Charleston Church Shooter Death Sentence Upheld –  A federal appeals court Wednesday upheld Dylann Roof’s conviction and death sentence for the 2015 racist slayings of nine members of a Black South Carolina congregation, saying the legal record cannot even capture the “full horror” of what he did. A three-judge panel of the 4th U.S. Circuit Court of Appeals in Richmond ruled unanimously against Roof in the shootings at Mother Emanuel AME Church in Charleston. In 2017, Roof became the first person in the U.S. sentenced to death for a federal hate crime. Authorities have said Roof opened fire during the closing prayer of a Bible study at the church, raining down dozens of bullets on those assembled. He was 21 at the time.
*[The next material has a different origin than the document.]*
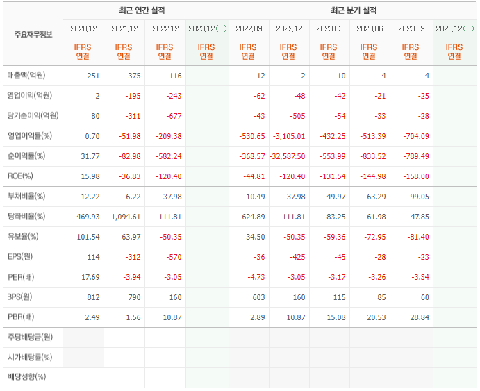 2022년 매출은 116억, 영업이익은 -243억, 당기순이익은 -677억입니다. 그리고 영업이익률은 -209.38%입니다.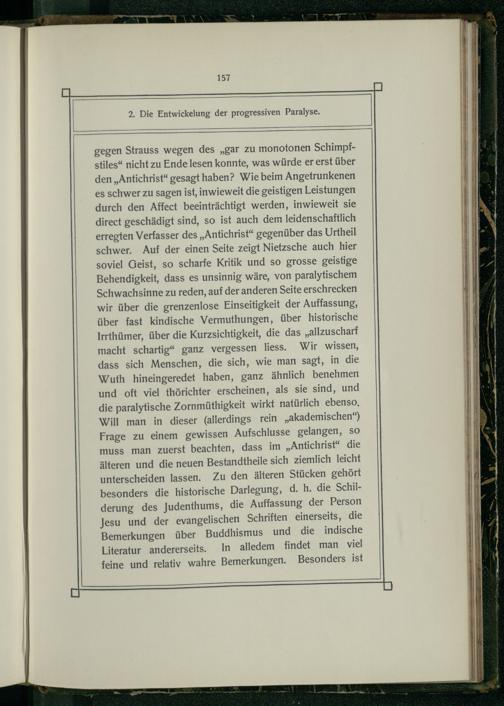 gegen Strauss wegen des„gar zu monotonen Schimpfstiles“ nicht zu Ende lesen konnte, was würde er erst über den„Antichrist“ gesagt haben? Wie beim Angetrunkenen es schwer zu sagen ist, inwieweit die geistigen Leistungen durch den Affect beeinträchtigt werden, inwieweit sie direct geschädigt sind, so ist auch dem leidenschaftlich erregten Verfasser des„Antichrist“ gegenüber das Urtheil schwer. Auf der einen Seite zeigt Nietzsche auch hier soviel Geist, so scharfe Kritik und so grosse geistige Behendigkeit, dass es unsinnig wäre, von paralytischem Schwachsinne zu reden, auf der anderen Seite erschrecken wir über die grenzenlose Einseitigkeit der Auffassung, über fast kindische Vermuthungen, über historische Irrthümer, über die Kurzsichtigkeit, die das„allzuscharf macht schartig“ ganz vergessen liess. Wir wissen, dass sich Menschen, die sich, wie man sagt, in die Wuth hineingeredet haben, ganz ähnlich benehmen und oft viel thörichter erscheinen, als sie sind, und die paralytische Zornmüthigkeit wirkt natürlich ebenso, Will man in dieser(allerdings rein„akademischen“ Frage zu einem gewissen Aufschlusse gelangen, So muss man zuerst beachten, dass im„Antichrist“ die älteren und die neuen Bestandtheile sich ziemlich leicht unterscheiden lassen. Zu den älteren Stücken gehört besonders die historische Darlegung, d. h. die Schilderung des Judenthums, die Auffassung der Person Jesu und der evangelischen Schriften einerseits, die Bemerkungen über Buddhismus und die indische Literatur andererseits. In alledem findet man viel feine und relativ wahre Bemerkungen. Besonders ist

Covid Origin Report Inconclusive – A classified U.S. intelligence report delivered to the White House on Tuesday was inconclusive on the origins of the COVID-19 pandemic, in part due to a lack of information from China, according to media reports. The assessment, ordered by President Joe Biden 90 days ago, was unable to definitively conclude whether the virus that first emerged in central China had jumped to humans via animals or escaped a highly secure research facility in Wuhan, two U.S. officials familiar with the matter told The Washington Post. They said parts of the report could be declassified in the coming days. The debate over the origins of the virus that has killed more than 4 million people and paralysed economies worldwide has become increasingly contentious. When Biden assigned the investigation, he said U.S. intelligence agencies were split over the “two likely scenarios” — animals or lab.